A few years later, on a break between freshman and sophomore years (at a Methodist college…another story), I was watching a VHS tape of Cure songs when dad walked by and asked “Is he [Robert Smith] a [spat out] HERO of yours?” I shrugged and said “not really a hero” (I lied). Around the same time, mom took a crack at REM’s “It’s the End of the World as We Know It” by saying everyone talks about the end of the world and the Rapture, but it doesn’t seem to be happening, so she assumed the song was saying it’s not that time yet. I probably rolled my eyes, but she was looking the other way at the time.

In my 20s, I played “Great Atomic Power” for dad, since it wasn’t rock and he grew up on a farm. Maybe he’d like that? No, that didn’t go well.

Several years later, I asked mom if they had listened to pop and rock in the 60s, and she talked about how they had been fans of Simon and Garfunkel, but she was shocked when I played her “Baby Driver.” They’d listened to a few early Beatles songs, and mom remembered “Downtown” by Petula Clark; not that she felt anything about it, just that it was everywhere. That’s about as far as she talked about rock, and dad never really did.

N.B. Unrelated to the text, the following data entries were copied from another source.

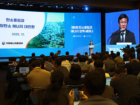 국가 탄소중립 전략, ‘규제에서 기술개발 지원’으로 패러다임 전환해야 - 대한상의, 10일 “새정부의 탄소중립·에너지 정책 방향과 과제” 주제로 제8회 탄소중립과 에너지 정책 세미나 개최 - 최태원 대한상의 회장 개회사, 김성환 기후에너지환경부 장관 기조강연... “탄소중립, 막대한 신시장 창출할 것” - 전문가들, “규제 중심에서 혁신기술 개발 중심의 통합적 전략 필요” “기후테크 사업화 규제 풀어야”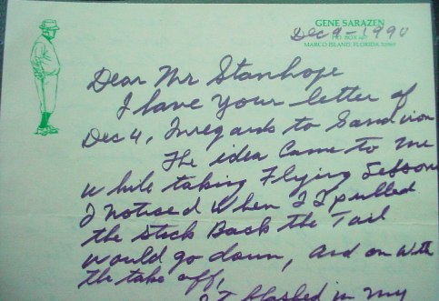 holding an iron. Dec. 9, 1990, Sarazen writes in part: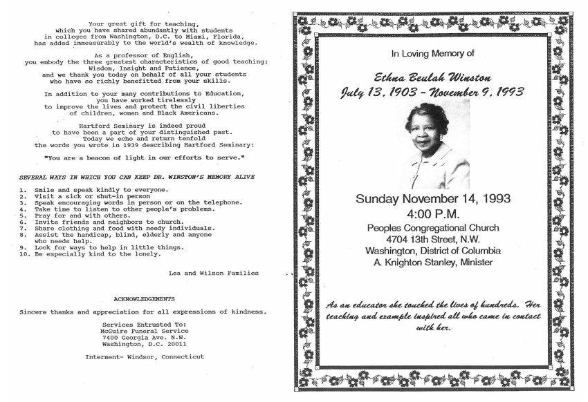 Dr. Winston’s memorial service program, 1993. | Courtesy of Marcia Hinckley.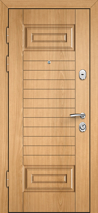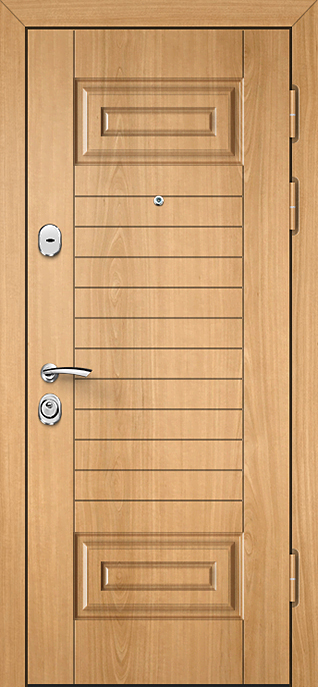 Металлическая конструкция с листом стали толщиной 2 мм и жёстким каркасом из профильной трубы формирует основу, которая не подведёт ни в квартире, ни в офисе. Два контура резинового уплотнителя делают закрывание плотным, уменьшая шум и сквозняки, а наличие блокираторов повышает уровень безопасности. Внешняя и внутренняя отделка выполнена из МДФ ПВХ — материал прочный, устойчивый к мелким повреждениям и сохраняющий аккуратный вид при ежедневной эксплуатации. В центре внимания здесь Железная дверь в квартиру №78, сочетающая надёжность стали и декоративные возможности панелей, которые можно комбинировать по вкусу. Комплект замков представлен сувальдным Просам и цилиндровым Мосрентген, при этом доступна замена на более сложные механизмы вплоть до биометрических систем. Конструкцию легко дополнить зеркалом, стеклопакетом, коваными элементами или видеодомофоном, превратив строгую дверь в удобный и технологичный элемент современного жилья. Железная дверь в квартиру №78 от производителя: быстрое изготовление и монтаж в Подольске, индивидуальные размеры, широкий выбор материалов и фурнитуры, официальная гарантия до 10 лет.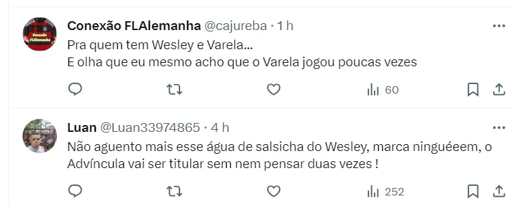 “Não aguento mais essa água de salsicha do Wesley, não marca ninguém. O Advíncula vai ser titular do time sem pensar duas vezes”, diz outro torcedor.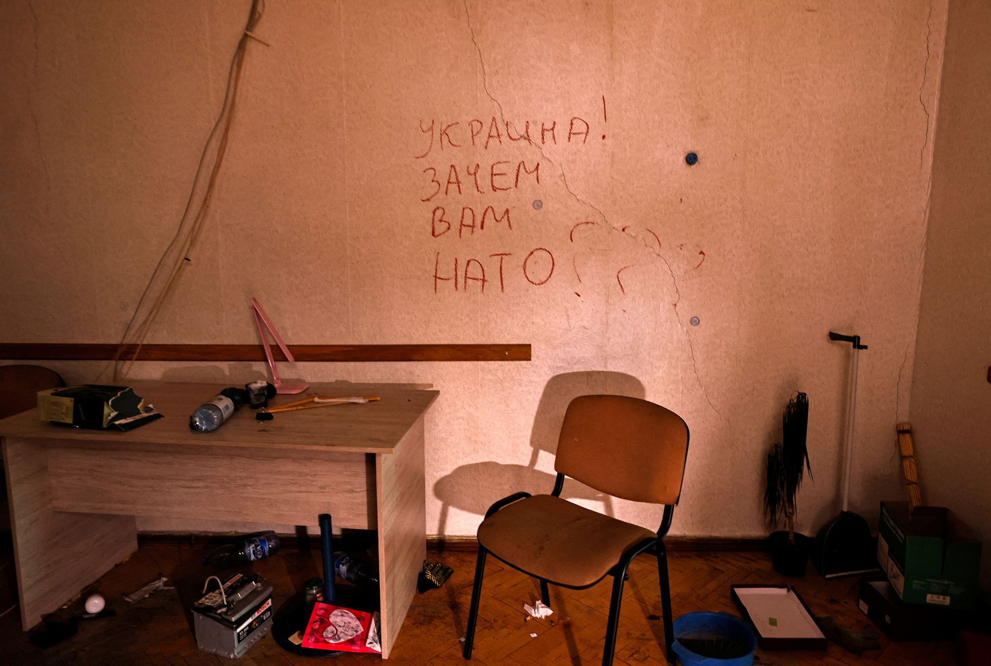 Zohra Bensemra / Reuters / Scanpix / LETA Надпись на стене внутри здания, которое российские военные использовали как штаб во время оккупации Бучи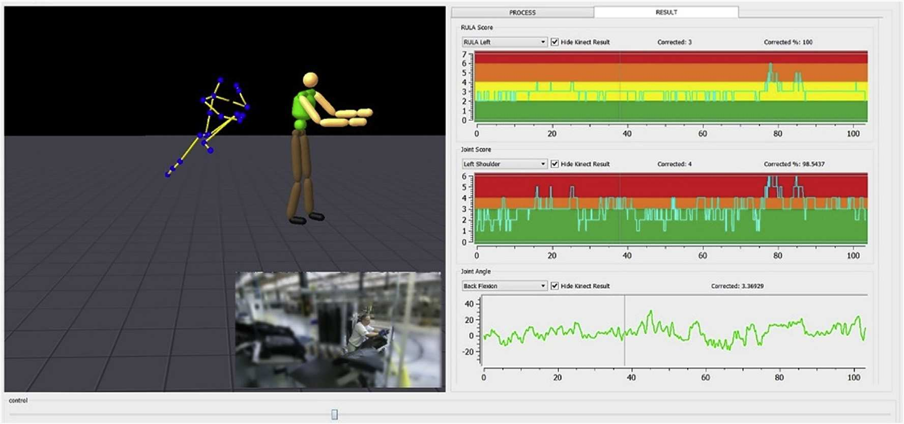 실제 현장에서 결과는 키넥트 RULA 점수와 인간공학 평가자 2명의 결과를 비교하여 정확도를 검증한다.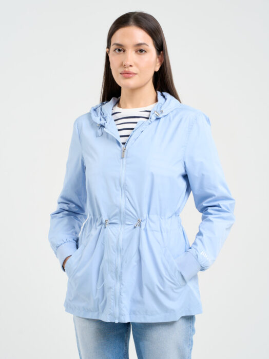 Kurtka damska z regulacją w tali z kapturem błękitna Mira 400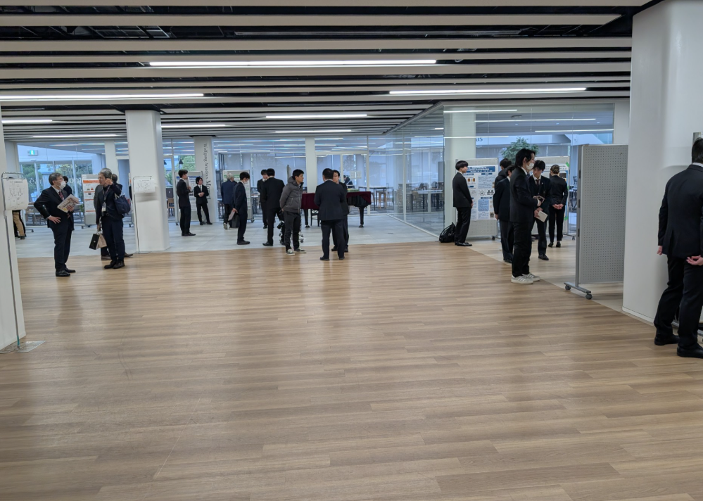 開催されたのは、各種学会開催でも実施されるポスターセッションを想定し整備されている摂南大学3号館、44ものポスターと説明者は圧巻であり、かつ、余裕ある空間でありました。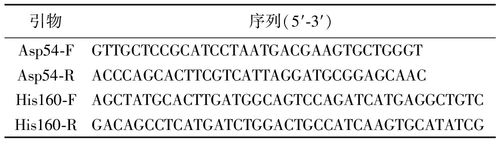 引物序列(5′-3′)Asp54-FGTTGCTCCGCATCCTAATGACGAAGTGCTGGGTAsp54-RACCCAGCACTTCGTCATTAGGATGCGGAGCAACHis160-FAGCTATGCACTTGATGGCAGTCCAGATCATGAGGCTGTCHis160-RGACAGCCTCATGATCTGGACTGCCATCAAGTGCATATCG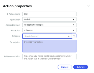 3. 「Actionプロパティ」で関連プロパティを入力し、「Submit」をクリックします。

It was all just disapproval and trying to dissuade me from rock and toward gospel. I don’t fully know why they didn’t take my music away and burn it like some parents I know (especially why they didn’t take away my D&D books, but that’s probably a different post). Maybe James Dobson said it would make me rebel harder or something, or maybe he knew from watching someone else raising their kids, but I was allowed to listen to what I wanted, with dad scowling disapproval all the while. I eventually learned not to care, but it made for tense days until I could leave home. There would never be common ground.